%%{init: {'theme': 'base', 'themeVariables': {'primaryColor': '#2C3E50', 'primaryTextColor': '#fff', 'primaryBorderColor': '#16A085', 'lineColor': '#16A085', 'secondaryColor': '#E67E22', 'tertiaryColor': '#fff'}}}%%
flowchart LR
subgraph Uncalibrated["Without Calibration"]
A1[Sensor reads 25C] --> B1[Actual temp: 23C]
B1 --> C1[Error: +2C]
C1 --> D1[Wrong decisions]
end
subgraph Calibrated["With Calibration"]
A2[Sensor reads 25C] --> B2[Apply correction]
B2 --> C2[Corrected: 23C]
C2 --> D2[Accurate data]
end
style Uncalibrated fill:#FFEBEE,stroke:#E74C3C
style Calibrated fill:#E8F5E9,stroke:#27AE60
528 Sensor Calibration Lab (Wokwi Simulation)
528.1 Learning Objectives
By the end of this lab, you will be able to:
- Implement two-point calibration to correct offset and gain errors in analog sensors
- Build multi-point calibration tables with linear interpolation for non-linear sensors
- Detect and compensate for sensor drift over time using running baselines
- Distinguish accuracy from precision through practical measurement exercises
- Verify calibration quality using statistical metrics (RMSE, R-squared)
- Store calibration coefficients in non-volatile memory for persistence across power cycles
528.2 Why Calibration Matters
Every sensor comes from manufacturing with slight variations. A temperature sensor rated at +/-0.5C accuracy might actually read 2C too high consistently. Without calibration, your IoT system makes decisions based on incorrect data.
Real-World Impact Example:
| Scenario | Uncalibrated Result | Calibrated Result | Cost Impact |
|---|---|---|---|
| Smart thermostat | AC runs 20% more | Optimal comfort | $180/year savings |
| Cold chain monitoring | False vaccine spoilage alarm | Accurate 2-8C tracking | $500k product saved |
| Industrial process | Quality defects | In-spec production | $50k/month savings |
528.3 Prerequisites
Before starting this lab, ensure you understand:
- Basic Arduino/ESP32 programming (setup, loop, Serial.print)

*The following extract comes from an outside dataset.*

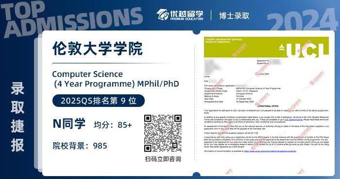 N學長是通過朋友推薦來到優越的,雙非背景,如愿拿下G5 中UCL的計算機科學PhD博士offer!

- Analog-to-digital conversion concepts (ADC resolution, voltage dividers)
- Linear equations (y = mx + b) for calibration math
528.4 Wokwi Simulator
Wokwi is a free online simulator for Arduino, ESP32, and other microcontrollers. This lab uses simulated sensors to demonstrate calibration concepts. The techniques you learn apply directly to real hardware with physical sensors.
Launch the simulator below and copy the calibration code to explore sensor calibration interactively.

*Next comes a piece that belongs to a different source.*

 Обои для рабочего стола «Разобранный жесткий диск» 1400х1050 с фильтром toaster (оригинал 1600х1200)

- Click the + button to add components (search for “Potentiometer” to simulate a sensor)
- Connect the potentiometer middle pin to GPIO 34 (ADC input)
- Use the Serial Monitor to view calibration output
- Click “Start Simulation” (green play button) to run the code
- Adjust the potentiometer during simulation to test calibration
528.5 Circuit Setup
For this lab, we simulate a sensor using a potentiometer. In real applications, replace this with your actual sensor (thermistor, pressure sensor, etc.).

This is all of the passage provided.